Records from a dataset
★ ★ ★

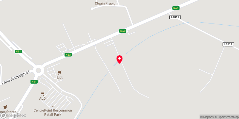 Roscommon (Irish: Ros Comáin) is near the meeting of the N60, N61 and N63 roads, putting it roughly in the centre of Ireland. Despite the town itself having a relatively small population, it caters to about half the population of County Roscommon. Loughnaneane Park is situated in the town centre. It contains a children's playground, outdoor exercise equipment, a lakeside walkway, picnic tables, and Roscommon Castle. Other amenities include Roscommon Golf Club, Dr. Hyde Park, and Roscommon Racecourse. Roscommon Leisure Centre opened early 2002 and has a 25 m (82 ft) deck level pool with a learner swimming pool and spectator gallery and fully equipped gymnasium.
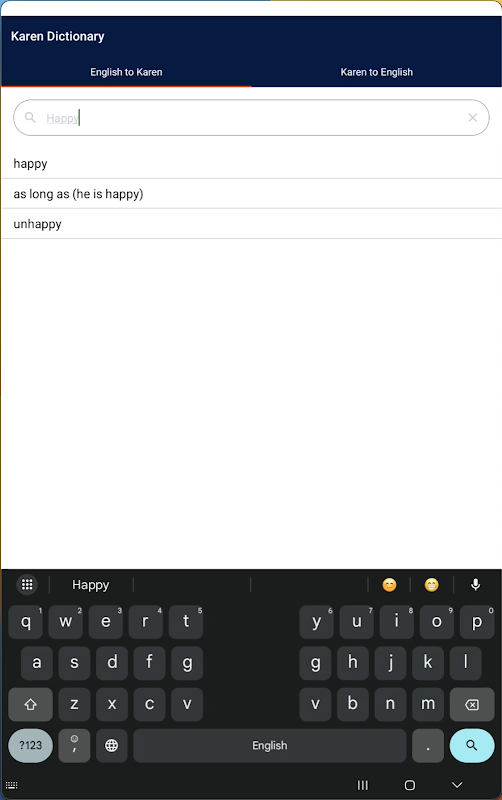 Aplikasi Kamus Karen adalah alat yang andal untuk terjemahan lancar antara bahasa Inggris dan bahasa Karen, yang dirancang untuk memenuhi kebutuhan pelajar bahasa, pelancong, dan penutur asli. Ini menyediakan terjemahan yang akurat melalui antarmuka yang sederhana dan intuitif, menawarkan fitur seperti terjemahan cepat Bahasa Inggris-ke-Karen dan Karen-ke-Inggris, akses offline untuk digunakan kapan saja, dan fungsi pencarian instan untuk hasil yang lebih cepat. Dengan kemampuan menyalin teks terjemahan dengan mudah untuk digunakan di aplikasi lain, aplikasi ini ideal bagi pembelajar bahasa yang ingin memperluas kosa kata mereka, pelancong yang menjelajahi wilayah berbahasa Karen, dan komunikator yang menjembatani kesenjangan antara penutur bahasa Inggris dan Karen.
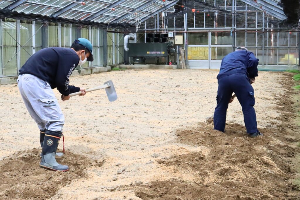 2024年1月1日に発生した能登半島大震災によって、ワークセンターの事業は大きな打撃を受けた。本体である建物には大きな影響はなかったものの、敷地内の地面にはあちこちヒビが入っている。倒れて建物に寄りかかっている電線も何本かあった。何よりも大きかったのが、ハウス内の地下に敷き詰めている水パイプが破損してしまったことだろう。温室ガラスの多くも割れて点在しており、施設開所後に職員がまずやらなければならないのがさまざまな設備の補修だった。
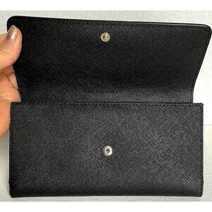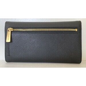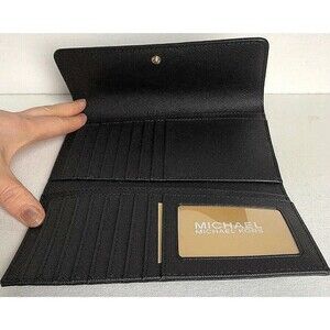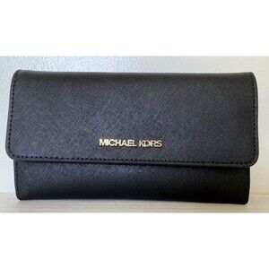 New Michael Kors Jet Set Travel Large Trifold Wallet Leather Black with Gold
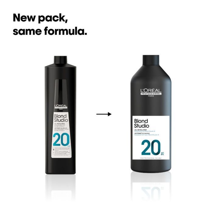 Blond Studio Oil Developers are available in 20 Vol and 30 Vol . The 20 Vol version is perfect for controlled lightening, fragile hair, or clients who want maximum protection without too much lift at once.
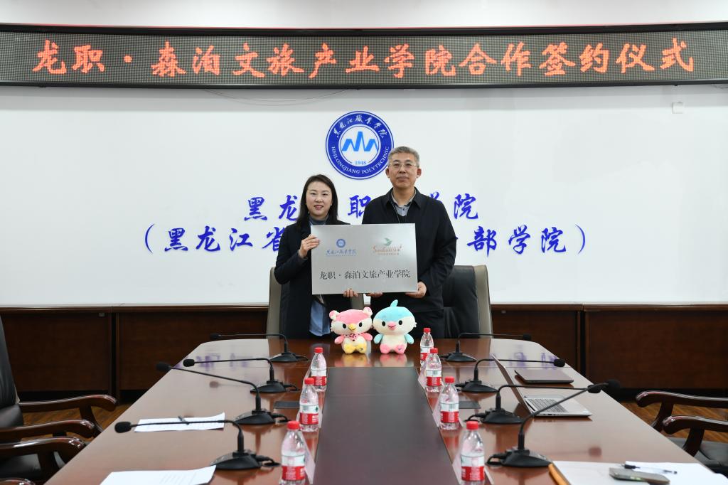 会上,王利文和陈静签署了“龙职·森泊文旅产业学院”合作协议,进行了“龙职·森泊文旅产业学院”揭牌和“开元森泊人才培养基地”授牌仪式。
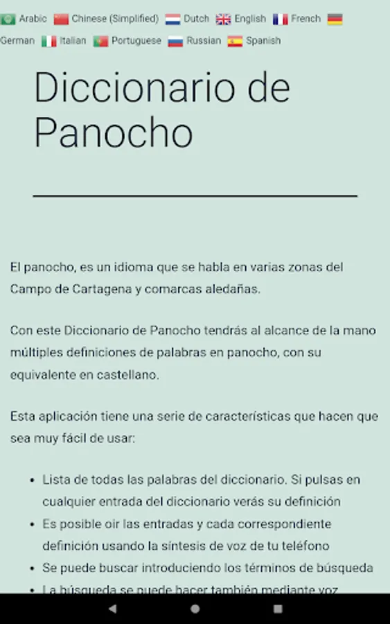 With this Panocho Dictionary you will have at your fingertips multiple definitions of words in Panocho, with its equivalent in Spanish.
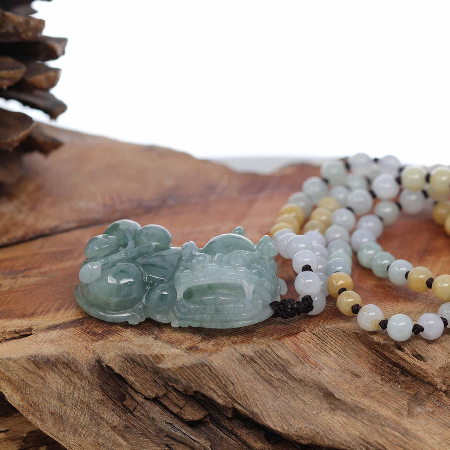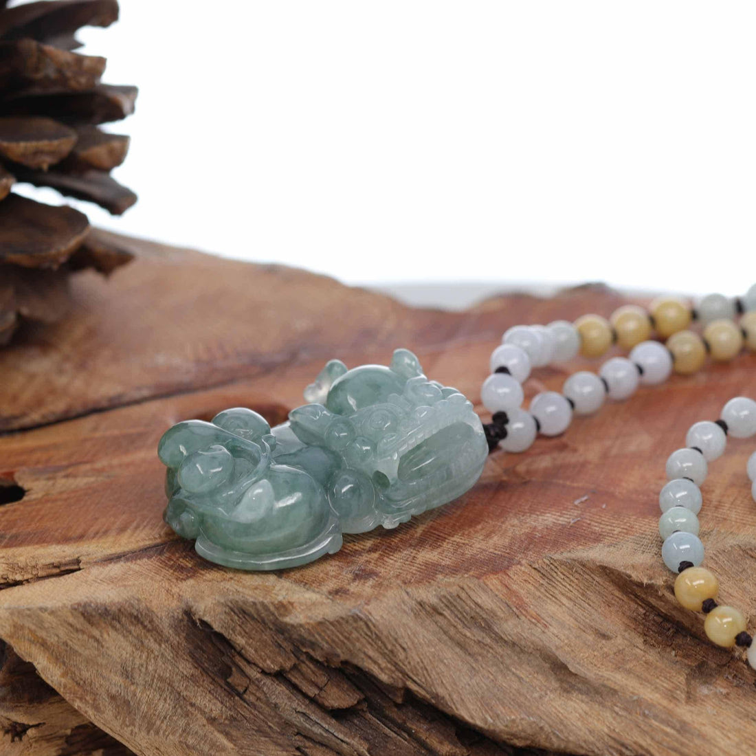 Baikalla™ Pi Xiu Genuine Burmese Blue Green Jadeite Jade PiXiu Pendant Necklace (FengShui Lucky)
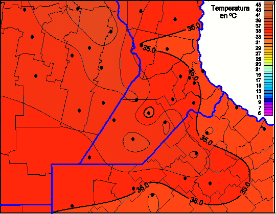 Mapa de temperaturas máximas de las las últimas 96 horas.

★ ★ ★

> PROMPT: Leave the pictures out and reproduce all of the records exactly.

> RESPONSE TO THIS TASK:
 Roscommon (Irish: Ros Comáin) is near the meeting of the N60, N61 and N63 roads, putting it roughly in the centre of Ireland. Despite the town itself having a relatively small population, it caters to about half the population of County Roscommon. Loughnaneane Park is situated in the town centre. It contains a children's playground, outdoor exercise equipment, a lakeside walkway, picnic tables, and Roscommon Castle. Other amenities include Roscommon Golf Club, Dr. Hyde Park, and Roscommon Racecourse. Roscommon Leisure Centre opened early 2002 and has a 25 m (82 ft) deck level pool with a learner swimming pool and spectator gallery and fully equipped gymnasium.
 Aplikasi Kamus Karen adalah alat yang andal untuk terjemahan lancar antara bahasa Inggris dan bahasa Karen, yang dirancang untuk memenuhi kebutuhan pelajar bahasa, pelancong, dan penutur asli. Ini menyediakan terjemahan yang akurat melalui antarmuka yang sederhana dan intuitif, menawarkan fitur seperti terjemahan cepat Bahasa Inggris-ke-Karen dan Karen-ke-Inggris, akses offline untuk digunakan kapan saja, dan fungsi pencarian instan untuk hasil yang lebih cepat. Dengan kemampuan menyalin teks terjemahan dengan mudah untuk digunakan di aplikasi lain, aplikasi ini ideal bagi pembelajar bahasa yang ingin memperluas kosa kata mereka, pelancong yang menjelajahi wilayah berbahasa Karen, dan komunikator yang menjembatani kesenjangan antara penutur bahasa Inggris dan Karen.
 2024年1月1日に発生した能登半島大震災によって、ワークセンターの事業は大きな打撃を受けた。本体である建物には大きな影響はなかったものの、敷地内の地面にはあちこちヒビが入っている。倒れて建物に寄りかかっている電線も何本かあった。何よりも大きかったのが、ハウス内の地下に敷き詰めている水パイプが破損してしまったことだろう。温室ガラスの多くも割れて点在しており、施設開所後に職員がまずやらなければならないのがさまざまな設備の補修だった。
 New Michael Kors Jet Set Travel Large Trifold Wallet Leather Black with Gold
 Blond Studio Oil Developers are available in 20 Vol and 30 Vol . The 20 Vol version is perfect for controlled lightening, fragile hair, or clients who want maximum protection without too much lift at once.
 会上,王利文和陈静签署了“龙职·森泊文旅产业学院”合作协议,进行了“龙职·森泊文旅产业学院”揭牌和“开元森泊人才培养基地”授牌仪式。
 With this Panocho Dictionary you will have at your fingertips multiple definitions of words in Panocho, with its equivalent in Spanish.
 Baikalla™ Pi Xiu Genuine Burmese Blue Green Jadeite Jade PiXiu Pendant Necklace (FengShui Lucky)
 Mapa de temperaturas máximas de las las últimas 96 horas.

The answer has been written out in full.